Marijuana dispensaries in New Jersey were busy this weekend with customers eager to get their hands on cannabis products as legal recreational sales of the drug began statewide. On Friday, a woman outside a Maplewood pharmacy rejoiced aloud that she had “survived Prohibition!”
Among the crowd of patrons were people who had trekked across the Hudson River from New York City, where recreational sales are not allowed. Were these early signs of some sort of “reverse bridge-and-tunnel” effect, with New Jersey emerging as a new hot spot for weed aficionados and curious cannabis users?
“The only reason I came to Jersey was literally to buy legal weed — that’s the truth,” said Ethan, a 29-year-old man from Manhattan who refused to give his last name because he didn’t want his employer to know that. he was there. , on Saturday. “To buy it legally and not have to trade through the illegal channels makes it easier. Even though it’s a premium, it just feels better.”
Ethan, who rented a Zipcar with a friend for the trip from New York to the Pharmacy Pharmacy in Maplewood, said he had no plans to hang out in the area other than “smoking a J on the street.”

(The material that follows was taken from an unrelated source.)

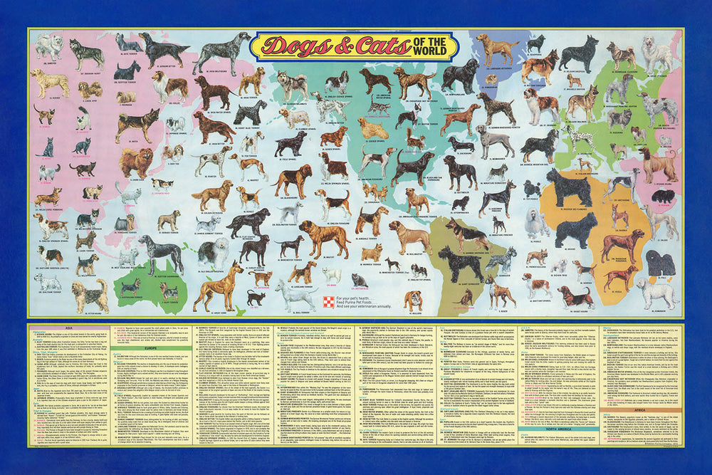 Mapa Mundial de Perros y Gatos Viejos de Purina, 1973: Razas Globales, Cultura de Mascotas de los Años 70

The relationship between New Jersey and New York is close but contentious, with suburban New Jersey often portrayed as less glamorous than the fast-paced city life. But anyone waiting for New Yorkers to flood into New Jersey probably shouldn’t expect a reverse pipeline to develop anytime soon, especially after New York City decriminalized the use of the drug in recent months.
Eric, a 45-year-old Newark resident who works in Manhattan and queued to buy weed on Saturday, said he expected mostly people with cars to make the trip.
“But not the ones who take the subway because it’s too much,” he added. “New York, they’ve got some stuff going on there, and people are using that.”
Crucially, there are currently no operational pharmacies in nearby Hoboken and Jersey City that were the facilities to offer recreational cannabis, according to the state’s Cannabis Regulatory Commission.
Those areas are accessible from Manhattan via a $2.75 PATH train ride. A pharmacy in Secaucus, although not far from a PATH station, only sells medicinal cannabis.
Statewide, there are 13 licensed recreational sales pharmacies. While many of them are accessible from New York City by car or extended trips aboard New Jersey Transit, none seem ready to capture the affairs of New Yorkers casually crossing the Hudson for an afternoon of weed.
Hoboken is set to open its first pharmacy this spring, but that location has not filed for an expansion to offer recreational sales, according to the Cannabis Regulatory Commission. Applications are pouring in from Jersey City.
In response to a reporter who asked if he had traveled to New Jersey from New York City, a man Saturday outside a Rise pharmacy in Bloomfield replied, “Yeah, okay, I’m going to talk about how I smuggle weed back to New York. .”
DeVaughn Ward, a senior legislative councilor with the Marijuana Policy Project, said legal concerns about transporting marijuana from state to state were well founded, but he did not believe law enforcement in states that have decriminalized marijuana are concerned about its origins. .
“The FBI is not the one blocking traffic,” Mr Ward said in a telephone interview. “Weed is legal in New Jersey, it’s legal in New York. I think law enforcement in those particular states will be mostly focused on personal property, if you’re disabled, things that break the law in that individual state.”
Aside from human trafficking concerns, New York legalized recreational marijuana last year and will begin sales later this year as the state licenses retailers, prioritizing those convicted of a marijuana-related offense or a family member. have been. Medical marijuana has been legal in New York since 2014.
Some establishments have found loopholes, including offering BYOC – bring your own cannabis – at events. There is also the ‘grey market’, according to Mr Ward, which includes giving customers a joint when purchasing another item, as exchanging cannabis as a gift between adults is now legal under New York law.
And of course there is the so-called legacy market, as some refer to the old-fashioned street dealers who have been selling cannabis or cannabis products since the dawn of Prohibition.
“I think those two combinations — the legacy market, the medical market — you may not see the huge numbers from New York to New Jersey,” said Mr. Ward.